Дальше начинается пересказ какой-нибудь радиопередачи, чистый Das Mann, совершенная система абсолютно тоталитарного дискурса. Чем Пригов, приходящий со своей озабоченностью к Курехину на программу «Я и моя собака», отличается от речи Геббельса, я не понимаю. Это та же самая нацистская пропаганда, которая говорит нам необоснованные вещи, заставляя нас безусловно верить в какую-то ахинею.
Все эти тоталитарные идеологии и современная либеральная идеология: прогресс, феминизм, все постмодернистские, все постгуманистические, постчеловеческие проекты — они все пронизаны крайними формами расизма и эксклюзивизма.
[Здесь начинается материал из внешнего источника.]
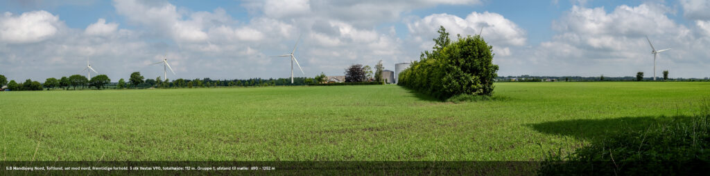I vores ansøgning til Tønder Kommune har vi på hver af de to placeringer i henholdsvis Toftlund og Hønning valgt at ansøge om 5 vindmøller med en totalhøjde på omkring 110 m til vingespids.
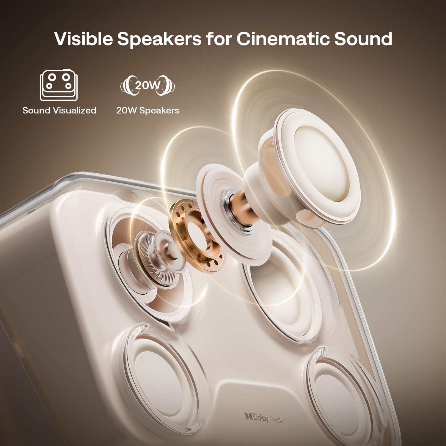 360° Visible Sound & DoIby Audio: 20W high-power speakers with DoIby Audio bring cinema-grade sound to life. The rear-facing Visible Sound design delivers deep bass and crisp highs, turning every movie night into an auditory delight.

Чем больше они настаивают на свободе, тем более они становятся нетерпимыми, тем больше они похищают ту свободу, которая не укладывается в их представления о свободе. «Надзирать и наказывать» оказалось не так просто преодолеть.
Или концепция Другого — сколько [с ней] носились. Но если кто-то по-другому трактует концепцию Другого, чем вы, будучи сторонником Фуко, то вам конец просто. Наверное, вам уже пора собирать вещи, с вещами на выход. За вами приехал политкорректный макроновский воронок.
— Мы сейчас говорили о еврействе, о немецком, мы сами находимся внутри русского пространства, вне зависимости от идентичности каждого человека из присутствующих. С другой стороны, вы разрабатываете «Ноомахию», борьбу и диалог Логосов, которая находится в рамках некоторой структурной схемы.
— Я работаю сейчас над последним, 22-м, томом из этой главной для меня работы жизни. В процессе написания двадцати томов я еще и думаю. Поскольку процесс мысли для меня всегда открытый, то я возвращаюсь к каким-то аспектам, уточняю что-то. Говорить о «Ноомахии» как о чем-то законченном трудно, хотя труд почти завершен…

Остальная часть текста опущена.